By Maan D’Asis Pamaran / Photography by Mark Chester Ang
The ambitious project, which seeks to retain and integrate a former film set and ancestral home with a residential high rise, is yet another fine example of adaptive reuse by multi-awarded architect Carlo Calma. The forward-looking series of spaces seek to combine the old with the new to produce homes that aren’t only liveable, but also relevant to 21st-century Filipinos.
Quezon City is known as the “City of Stars,” the Philippine version, if you will, of Hollywood, even Bollywood. It is the creative hub where movies and television magic is conceptualized and, especially in the olden, golden days, filmed. One such location was a house in the quiet suburb of the city, its balustrades featured prominently in the coming-of-age movie Bagets and an iconic film that pitted “Da King” Fernando Poe Jr. against mischievous child wonder Niño Muhlach titled Ang Leon at Ang Daga. On this former film set and ancestral home will rise a homage to the local film industry, via a project undertaken by Calma Properties Inc.
The real estate project, called “Monuments,” will be the setting of a new high-rise lifestyle building amidst the primarily residential area that is accessible to the watering holes that this part of Quezon City is known for. There will be 22 residential units in the high-rise complex, but the heart of the building will be the hearth of the ancestral house, which will be converted to a museum of sorts, archiving digitized files and movie memorabilia.
In an exclusive interview with PeopleAsia ENCLAVES at his whimsical and ultra-modern office-slash-showroom at Clipp Center in Bonifacio Global City, Filipino architect and visual artist Carlo Calma says that instead of tearing down the iconic home, they have decided to integrate it into the design, making it a portal to the building, literally. “I envision adding sensorial elements such as the sound of static when you enter the house, to make you feel like you are entering a television set,” he explains. “We could have film showings utilizing the roof of the house to give it a new kind of cinematic experience.”
The repurposed life
The decision to retain the original structure stems from the architect’s desire to promote a piece of history within the project. “Greece and Rome have their ruins, some countries in Asia also place value on their historic sites. In our own way, we are going beyond simply restoring a piece of our culture by creating something new out of it, repurposing the house to fit into the modern landscape,” he explains while pointing to a scale model of one of his most important projects to date.
Retaining key elements of the home, such as the balustrade and the dining area, which were prominently used in movies of yore, is his interpretation of keeping it in context. “It is designed to make you feel like going through layers of time, where there is a juxtaposition of the old structure with the new one. As architects, I feel like we are custodians of our special heritage and before we tear down something we look at the site and its historical context, which may be packaged as part of our culture. It gives the structure a sense of place and purpose.”
The future of architecture
Architecture is now more organic and collaborative, Carlo says. “It is now influenced by things such as fashion, art, and graphic design. We create a definitive space that veers away from the cookie-cutter approach. It has become more liberal.”
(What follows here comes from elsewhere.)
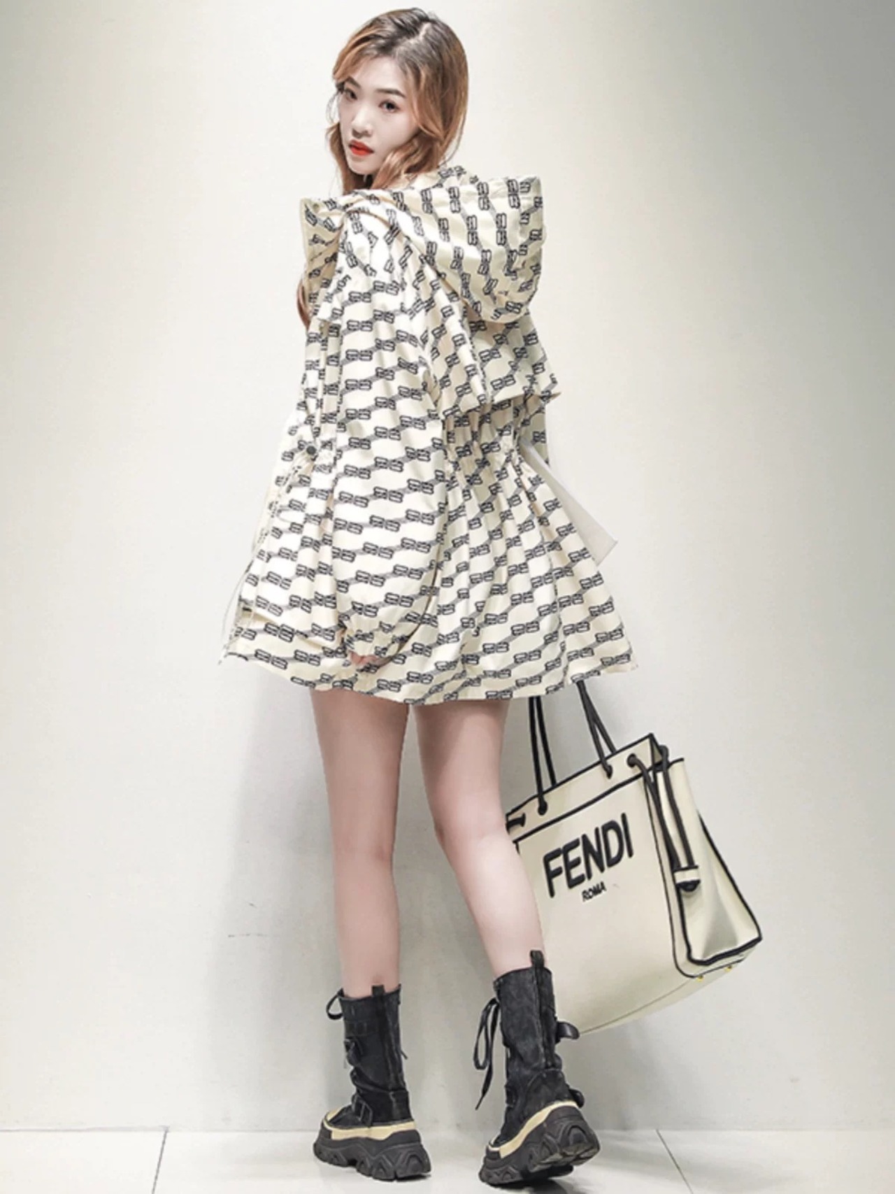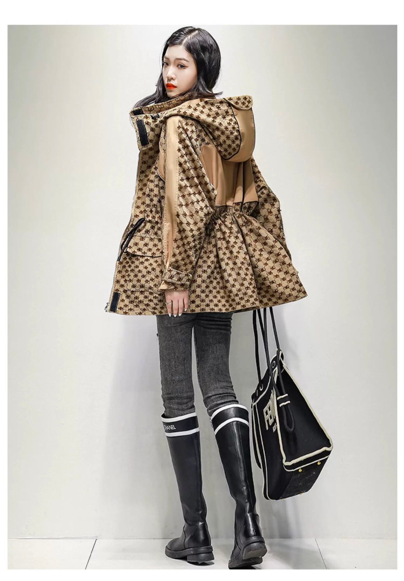 フード 緑 ベージュ 白 ピンク ワンピース コート XL

There is precedence in repurposing buildings globally, akin to what they are doing with “Monuments.” The Zeitz Museum in South Africa was formerly a group of grain silos and the industrial site Steel Yard in Rhode Island is now a community space for art gatherings.
“Adaptive reuse is about looking into something inherent in the structure and giving it new life. It translates culture in an abstract way, and I think that it is a cool direction for architecture to take,” says the architect who like to inject a touch of whimsy and a sense of play into his projects. “There is room for imagination and it is robust, there is no certain look that will date a structure, as it did during the ’70s or ’80s.”
The rise of the 30-story Monument + Film Archive Museum is one such example of where the future is headed, and it is about livable spaces that connect to culture and a sense of place.
This story first appeared on PeopleAsia ENCLAVES.